Mergers and acquisitions play a significant role in today’s succession planning considerations. Even if you are planning an internal succession plan, M&A can still be an important part of your plan as it is also a great strategy for growth. It’s your responsibility to do what’s right for your firm (and no one knows what “doing right” is better than you), but as an advisor, you’ll basically find yourself in one of these positions when it comes to your firm’s future and M&As:
- You’re open to a merger or acquisition but not actively pursuing this as an option for succession planning.
- You’ve made either a merger or acquisition a formal part of your succession and/or growth strategy.
- You’re not open to a merger or acquisition and you’re happy where you are for now. (But you have been or will be approached.)
So what are your options?
A) You can “ride it ‘til you die,” i.e., simply just work until you die and have your clients referred out when this happens.
B) You can be acquired, after which you either stay with the firm, for a specified amount of time or longer term, or leave.
C) Or you can merge with another firm to build scale, either for an internal sale or to possibly increase the value of the firm for an external sale.
Whatever you decide, here a few initial considerations I would recommend based on my own experience with a merger in 2009.
Start With Your Personal Goals
To begin, ask yourself what is it that you want to achieve for your future and how a merger or acquisition could help meet those goals. What about your clients and your staff? If you’re like me, you got into this business because you wanted to help people meet their financial goals, live comfortably with peace of mind and not outlive their money. Those same basic goals could be applied to you and your staff, but what else do you want to achieve? Do you want to sell your business to help fund your own future, to leave behind a legacy or to help your firm evolve by continuing to be a presence after you pass on the reins?
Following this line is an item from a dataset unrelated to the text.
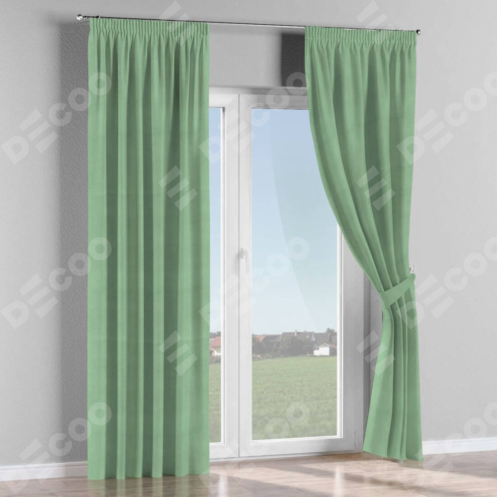 Комплект прямых штор, от производителя «Cortin», пошиты из ткани бархат оливковый, артикул ткани 18746. С изнаночной стороны в верхней части штор пристрачивается шторная лента с декоративными складками «Карандаш». Для создания элегантных складок прямые шторы шьются по стандарту с коэффициентом 1:2 (на 100 см. ширины проёма 200 см. ширины ткани).

Making sure your goals match up with the merging or acquired firm’s is not only critical to your success; it sets the necessary tone going forward for your successors.
In my case, my firm was a small boutique practice, with about $250M in AUM. Our model was to lead with financial planning and charge upfront planning fees while also providing investment management, all with a very high-service, high-touch model. The firm we merged with was twice the size, with nearly twice the AUM and a model that focused more on academic investment expertise than financial planning.